Толстой считал, что избавление от личности есть величайшее благо. Битов (и я все время это цитирую) говорил, что личность – не более чем мозоль от трения души о мир. Душа – это палец, который сидит в тебе, как в кукле бибабо, а потом он из тебя вынимается. Куклу убирают, а сознание, вооруженное новым опытом, возвращается в некий поток. Как сказано у Суинберна: «Затем, что все сольются реки когда-нибудь в морскую гладь». То, что для Суинберна и для Мартина Идена было главным богословским открытием: то, что личность возвращается к своему создателю, что человек не более чем палец творца, к которому тот прикасается, ощупывая реальность. А потом это палец отдергивается в какой-то момент. Но куда девается личность – на этот вопрос действительно трудно ответить. У меня в последней книжке (в смысле в новой книжке стихов, «Новый свет») есть такой стишок – он о том, что личность в конце концов ставится на полку, становится книгой, которую я сам написал, которую написал мой дух в процессе познания.

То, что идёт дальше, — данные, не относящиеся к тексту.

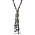 팬던트 부분의 카키색 종모양 원석은 천연 비취,
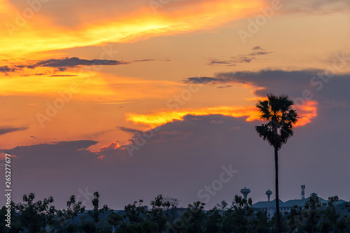© Thinapob, Fototapeta premium Beautiful sunset with silhouette palm trees on the twilight sky background in Thailand.

Я вообще иногда прихожу к такому солипсизму. Мне кажется, что все в моей жизни настолько совпадает с моими догадками и пожеланиями (дай бог так и дальше), что есть полное ощущение, что солиписисты правы. Если солипсизм строго продуман, как говорит Витгенштейн, то, наверное, это и есть реализм. Не есть ли весь мир моя галлюцинация, мой творческий акт? Думаю, что и смерть, которой я рано или поздно умру, будет очень в моем духе. Она будет очень приписываться, прирастать, как метка, к моей жизни. Хотел бы я так думать.
Так что идея жизни как авторского проекта мне все привлекательнее. Потому что очень многое в моей жизни мог выдумать только я сам. Слишком много. Но я вернусь еще к этой теме и к этому стишку. Стишок этот я прочитаю.
«Можно ли когда-нибудь лекцию о Сергее Эйзенштейне?» Понимаете, чтобы делать лекцию об Эйзенштейне, надо быть Клейманом как минимум или Марголитом. Эйзенштейн – очень сложное явление, очень богатое, известное нам далеко не полностью, реализованное в малой степени. Он не зря говорит о себе: «Меня задушили замыслы». Эйзенштейна действительно переполняли и мучили огромные и титанические идеи, которые были невоплотимы – ни в тогдашнем кино, ни в кино вообще. Интересно, как бы Эйзенштейн отнесся к кинематографу Бергмана? Думаю, что ему бы не понравилось. Хотя он бы и отметил, что там есть метафизическая глубина. Замечательно говорил Отар Иоселиани (год его смерти, царствие небесное, великий был человек, у меня было с ним несколько глубоких разговоров, хотя я никоим образом не причислял себя к его кругу), он как-то однажды замечательно сказал: «Русское искусство было метафизически неграмотным. Грамотен был один Эйзенштейн, но он продался большевикам». Дословно это помню.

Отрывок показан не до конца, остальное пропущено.